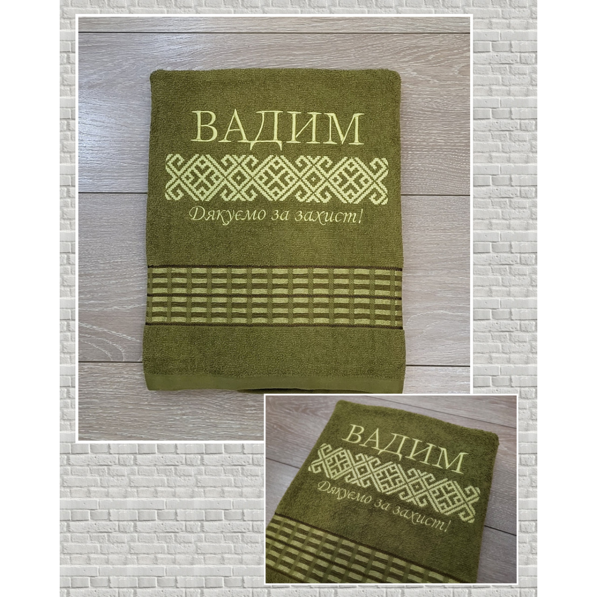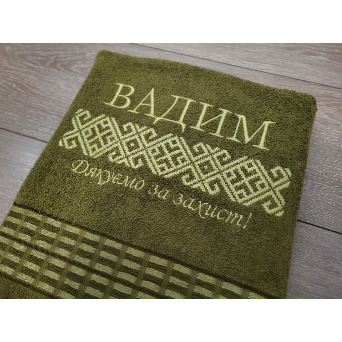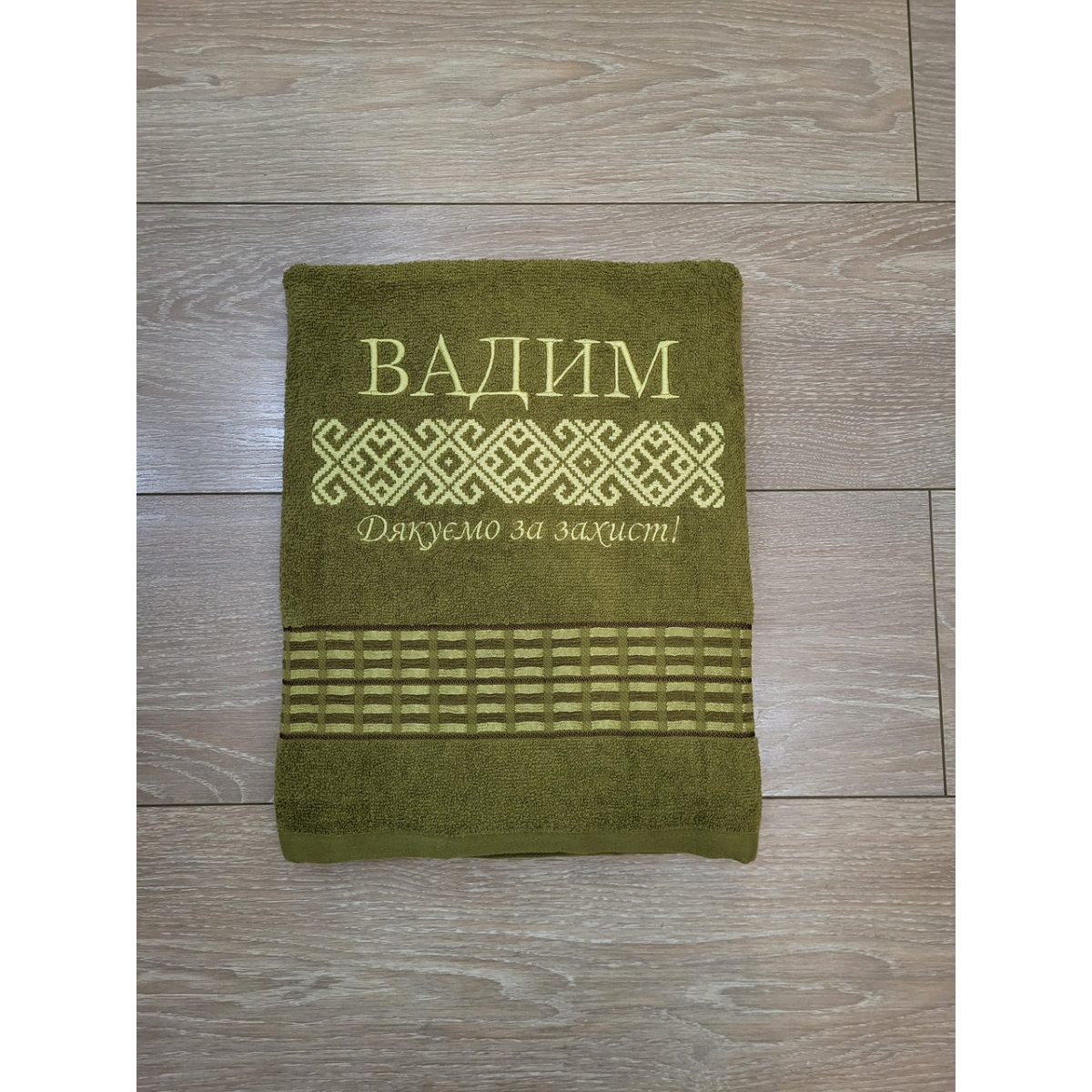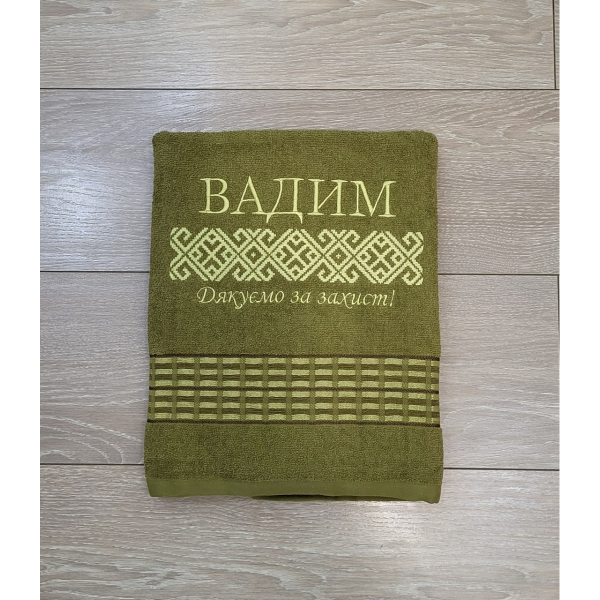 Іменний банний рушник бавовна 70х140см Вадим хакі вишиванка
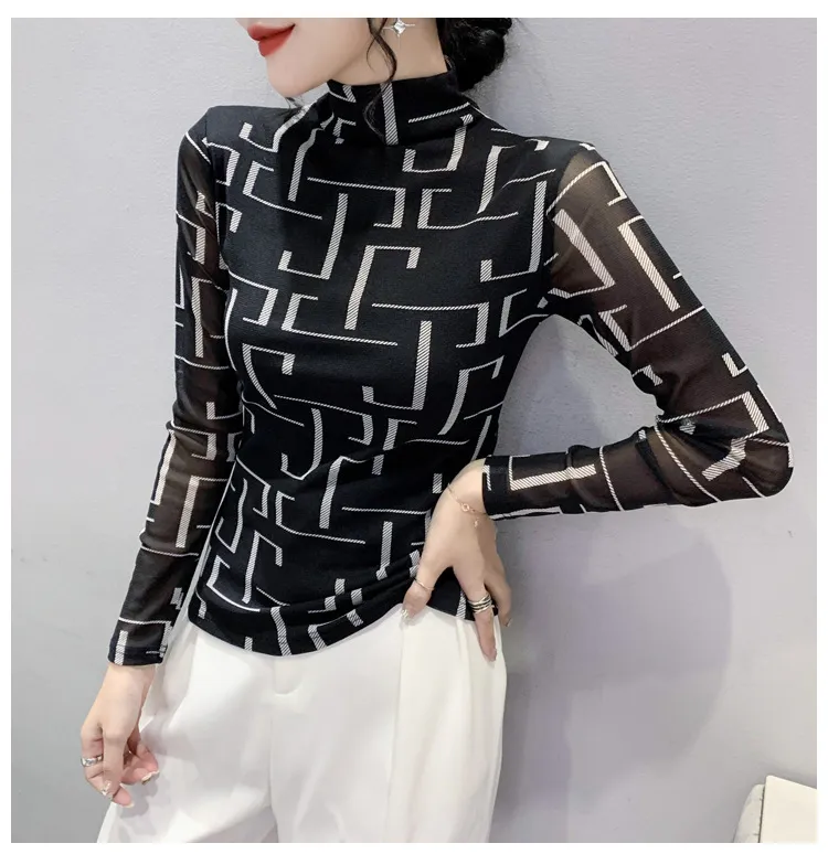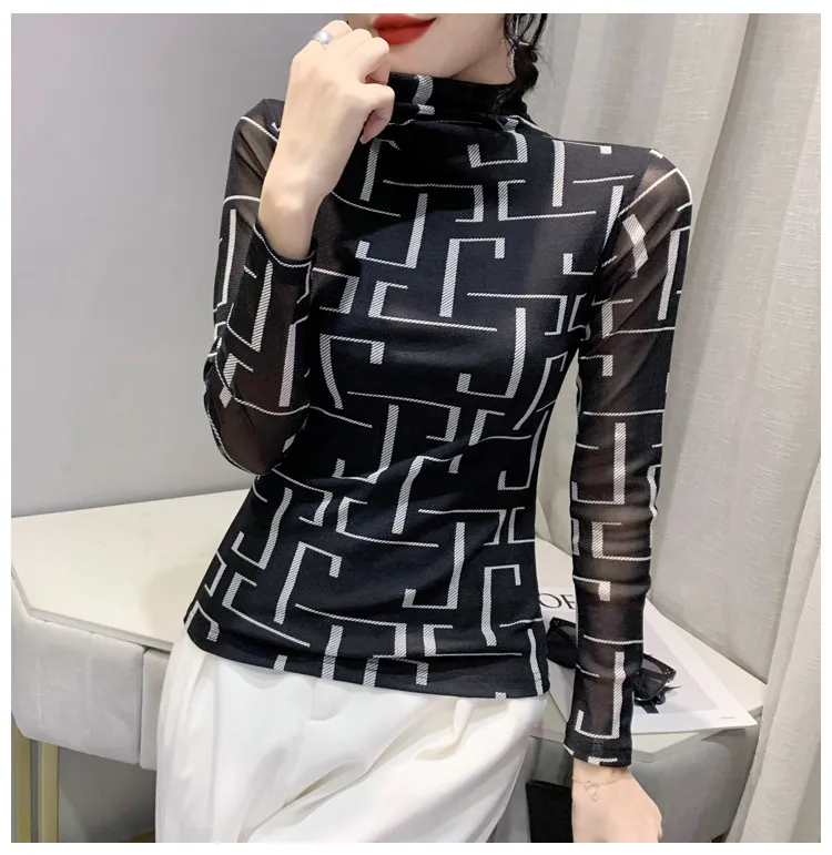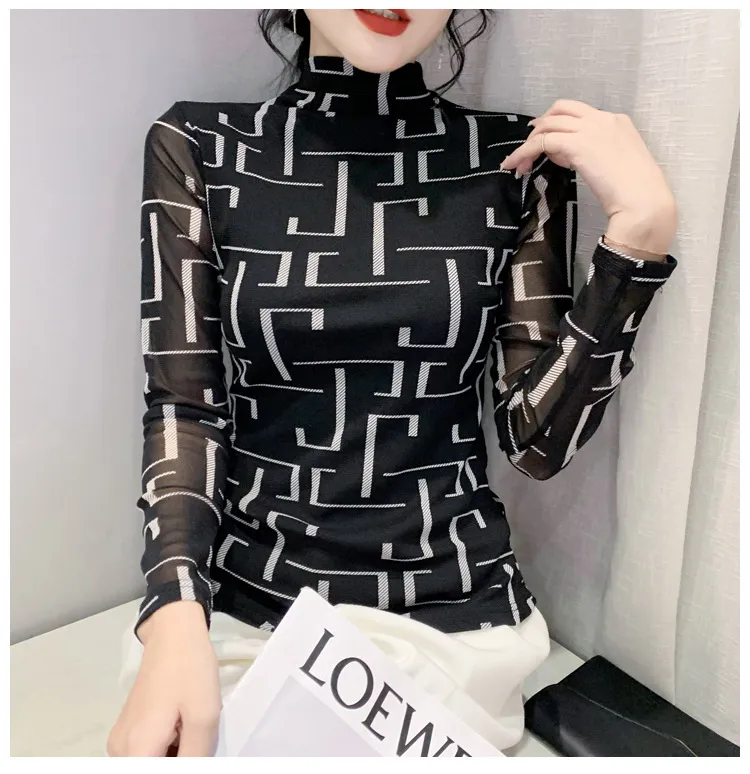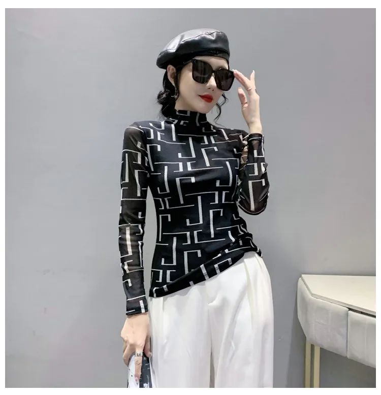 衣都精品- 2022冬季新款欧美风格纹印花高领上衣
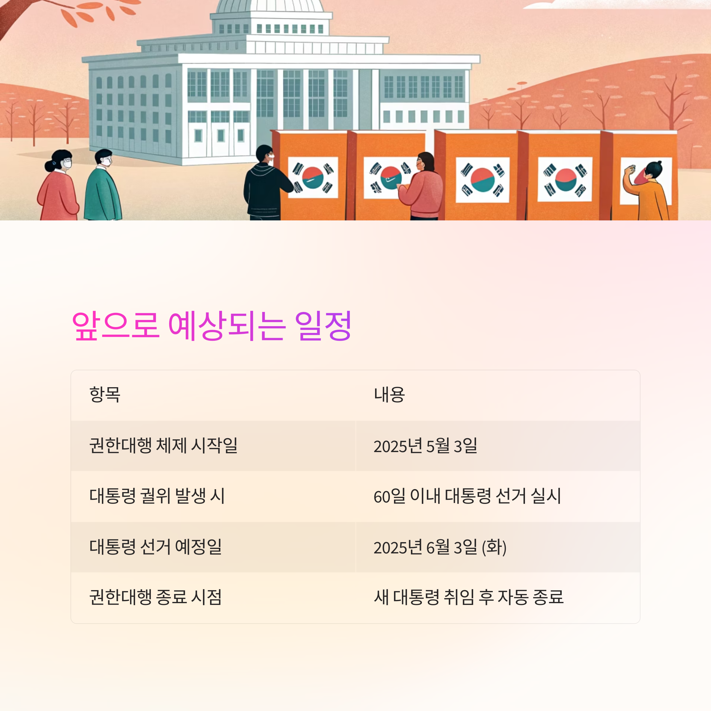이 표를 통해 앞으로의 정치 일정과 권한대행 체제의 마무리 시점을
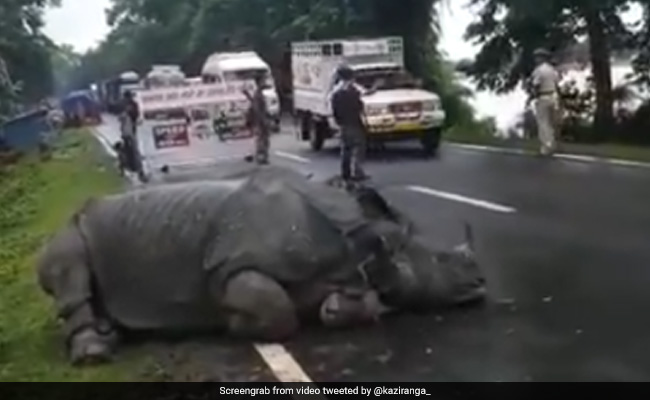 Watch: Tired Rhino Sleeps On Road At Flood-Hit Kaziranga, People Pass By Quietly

________

### Aim of the task
Skip the pictures and copy exactly the lines from the one containing "衣都精品- 2022冬季新款欧美风格纹印花高领上衣" through the end of the material, both ends included.

### Exercise answer
 衣都精品- 2022冬季新款欧美风格纹印花高领上衣
이 표를 통해 앞으로의 정치 일정과 권한대행 체제의 마무리 시점을
 Watch: Tired Rhino Sleeps On Road At Flood-Hit Kaziranga, People Pass By Quietly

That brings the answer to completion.